WORK INSTRUCTION:
Reproduction of part of the material below, pictures omitted: copy exactly, and only, the lines starting with the one with "Несколько групп посетили" and going on through the one with "[JAPAN PAPER] HORACE".

SUPPLIED MATERIAL:
╭──
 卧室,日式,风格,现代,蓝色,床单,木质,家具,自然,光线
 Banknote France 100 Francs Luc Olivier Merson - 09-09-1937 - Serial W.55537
╰──
╭──
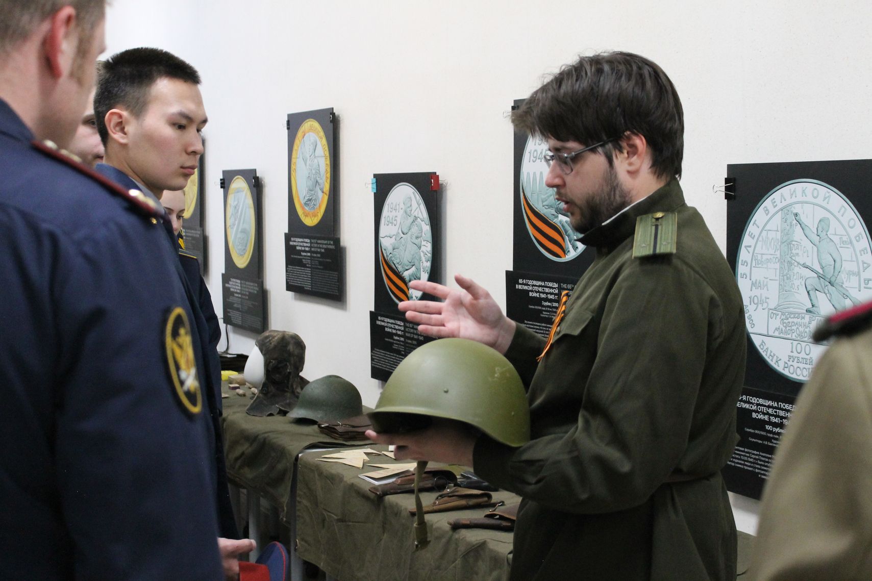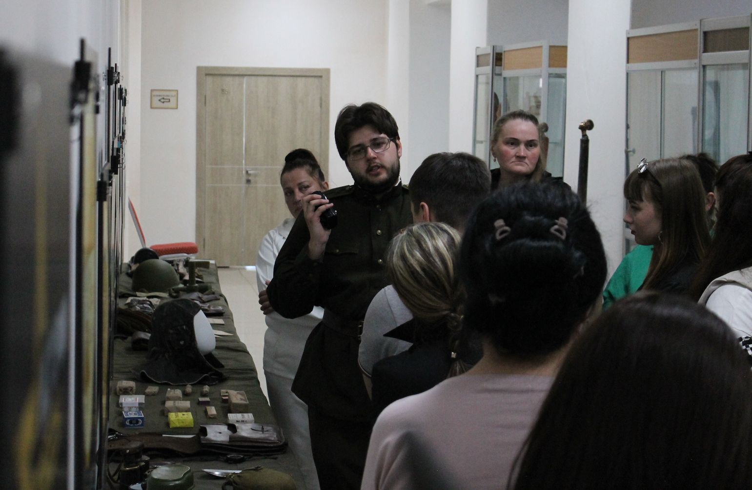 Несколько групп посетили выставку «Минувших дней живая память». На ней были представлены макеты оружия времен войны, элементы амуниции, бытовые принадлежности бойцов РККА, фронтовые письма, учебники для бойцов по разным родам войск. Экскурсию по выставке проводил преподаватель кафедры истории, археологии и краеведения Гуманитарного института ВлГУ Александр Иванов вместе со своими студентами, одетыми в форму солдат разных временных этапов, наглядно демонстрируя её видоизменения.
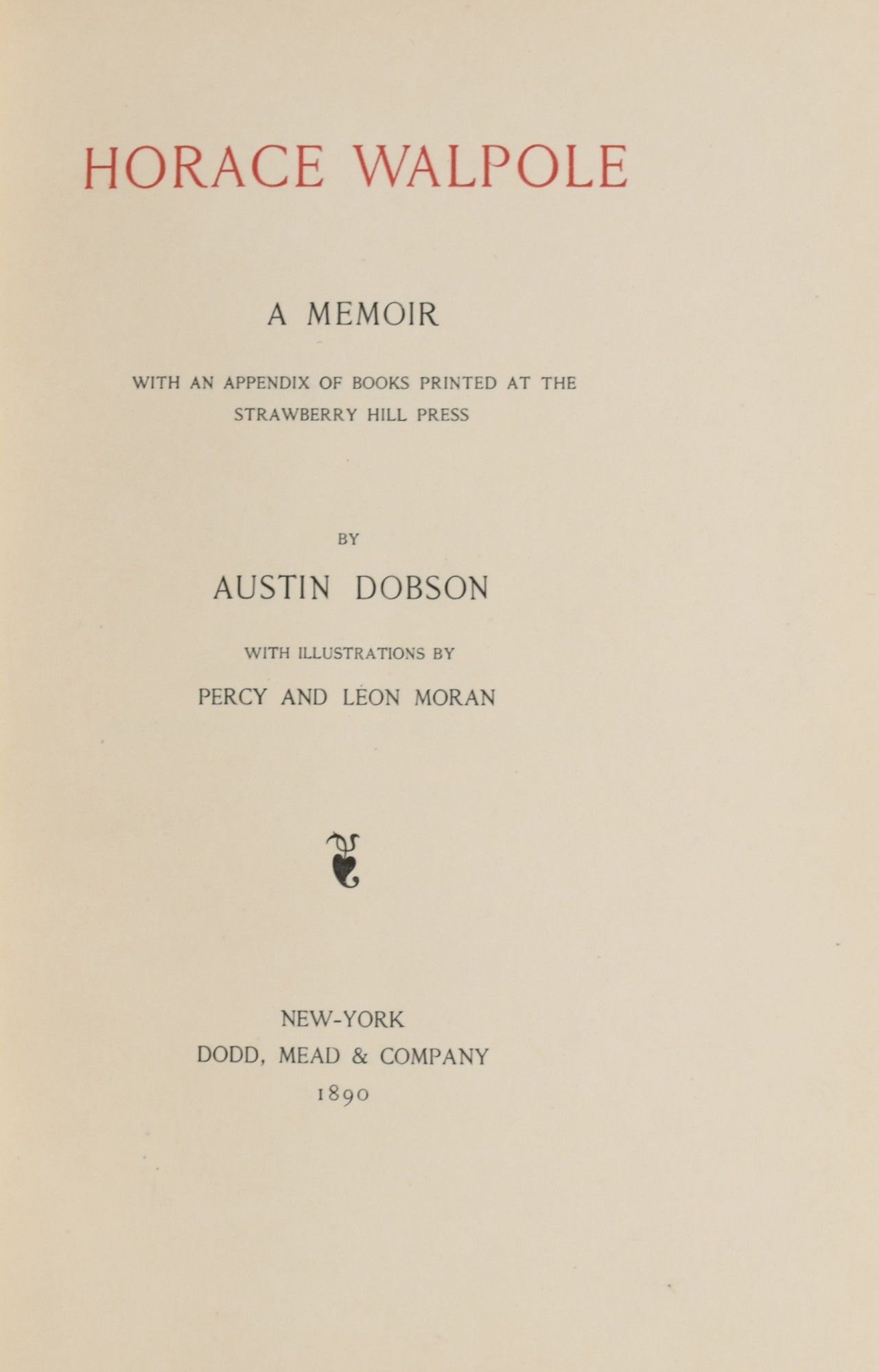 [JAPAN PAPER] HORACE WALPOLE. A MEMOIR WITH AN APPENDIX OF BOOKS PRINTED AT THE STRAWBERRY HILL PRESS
╰──
WRITTEN SOLUTION:
 Несколько групп посетили выставку «Минувших дней живая память». На ней были представлены макеты оружия времен войны, элементы амуниции, бытовые принадлежности бойцов РККА, фронтовые письма, учебники для бойцов по разным родам войск. Экскурсию по выставке проводил преподаватель кафедры истории, археологии и краеведения Гуманитарного института ВлГУ Александр Иванов вместе со своими студентами, одетыми в форму солдат разных временных этапов, наглядно демонстрируя её видоизменения.
 [JAPAN PAPER] HORACE WALPOLE. A MEMOIR WITH AN APPENDIX OF BOOKS PRINTED AT THE STRAWBERRY HILL PRESS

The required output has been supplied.